14. Compare this with the pattern on the eastern side of the ocean, adjacent to Europe and Africa. Here, relatively cooler waters reach farther toward the equator. This pattern is especially obvious along the west coast of southern Africa, where the north-flowing Benguela Current brings cold water northward along the coast. A similar current, the Canary Current, brings cold water south along the coast of northwestern Africa. As a result of the opposite flows on the east versus west sides of the Atlantic Ocean, the width of warm water is much less near Africa than it is near South America and the Caribbean Sea.

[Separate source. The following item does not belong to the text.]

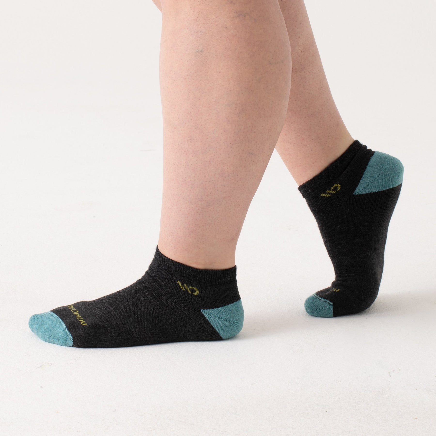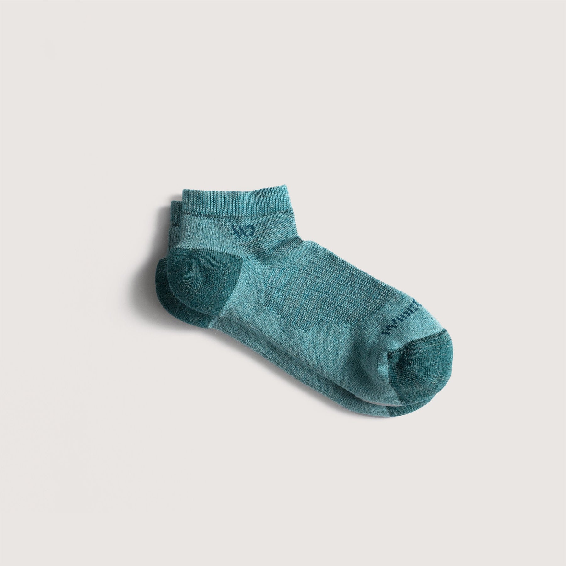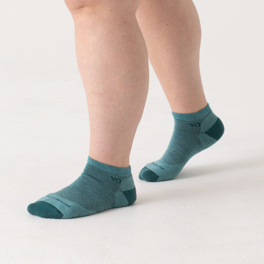 On model: No shows with dark teal heel/toe and logo, with light teal body --Light Teal

Factors Influencing Sea-Surface Temperatures

15. From the four SST globes on these pages, the main pattern that emerges is the strong correlation of warm waters to low latitude. Between the tropics, the overhead rays of the Sun strongly heat the oceans, especially during summer for that hemisphere. Much less solar heating occurs near the pole; none for much of the winter.

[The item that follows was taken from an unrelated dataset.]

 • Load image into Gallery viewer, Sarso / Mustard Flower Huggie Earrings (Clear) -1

16. Another influence is ocean currents, such as the Gulf Stream, which mostly move warm water away from the equator on the western side of oceans from about 20° to 50° north and south. In contrast, cold currents flow toward the equator on the eastern sides of oceans, as occurs with the Benguela Current off Africa and the Humboldt Current along the western side of South America. Currents largely reflect regional wind patterns.

17. A third important factor is the flow of cold, deep waters toward the surface, or upwelling. Cold-water upwelling occurs along the California coast, in the northern Pacific, off the western coast of South America, and in other places. This draws deeper water upward near the coast to replace the surface water blown offshore. Upwelling leaves only a subtle imprint on global temperature maps, but it strongly influences the biological productivity of the ocean and the activities in many coastal communities.

18. SST can greatly affect adjacent land. This photograph shows desert along the western coast of South Africa with the Atlantic Ocean in the distance. The dryness is partly due to the cold, stabilizing Benguela Current offshore and to prevailing winds that blow offshore.